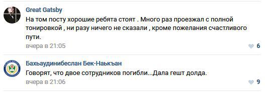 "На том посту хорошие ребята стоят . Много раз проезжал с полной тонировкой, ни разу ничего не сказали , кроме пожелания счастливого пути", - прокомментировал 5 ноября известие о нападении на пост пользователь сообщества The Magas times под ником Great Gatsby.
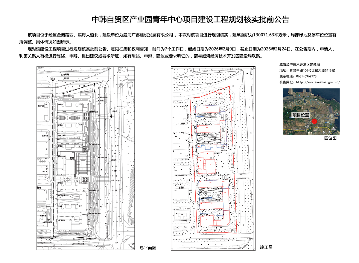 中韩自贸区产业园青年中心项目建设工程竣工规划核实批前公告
* * *
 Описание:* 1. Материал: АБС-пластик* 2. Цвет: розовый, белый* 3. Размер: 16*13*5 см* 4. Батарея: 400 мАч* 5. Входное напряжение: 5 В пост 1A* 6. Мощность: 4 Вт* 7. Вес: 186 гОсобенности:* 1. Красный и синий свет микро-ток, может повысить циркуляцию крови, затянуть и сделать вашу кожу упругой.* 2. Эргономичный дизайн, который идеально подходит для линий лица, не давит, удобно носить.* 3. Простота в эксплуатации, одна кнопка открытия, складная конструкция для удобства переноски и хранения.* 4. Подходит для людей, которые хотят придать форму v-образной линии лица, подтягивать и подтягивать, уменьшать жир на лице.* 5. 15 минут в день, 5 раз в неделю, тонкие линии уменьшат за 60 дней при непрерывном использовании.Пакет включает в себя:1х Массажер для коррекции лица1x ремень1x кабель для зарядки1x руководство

• _PROBLEM DESCRIPTION_:
In the entries above, find the line containing "ником Great Gatsby." and the line containing "中韩自贸区产业园青年中心项目建设工程竣工规划核实批前公告"; give again exactly those two lines and every line between them, minus the pictures.

• _ANSWER FOR THE TASK_:
 "На том посту хорошие ребята стоят . Много раз проезжал с полной тонировкой, ни разу ничего не сказали , кроме пожелания счастливого пути", - прокомментировал 5 ноября известие о нападении на пост пользователь сообщества The Magas times под ником Great Gatsby.
 中韩自贸区产业园青年中心项目建设工程竣工规划核实批前公告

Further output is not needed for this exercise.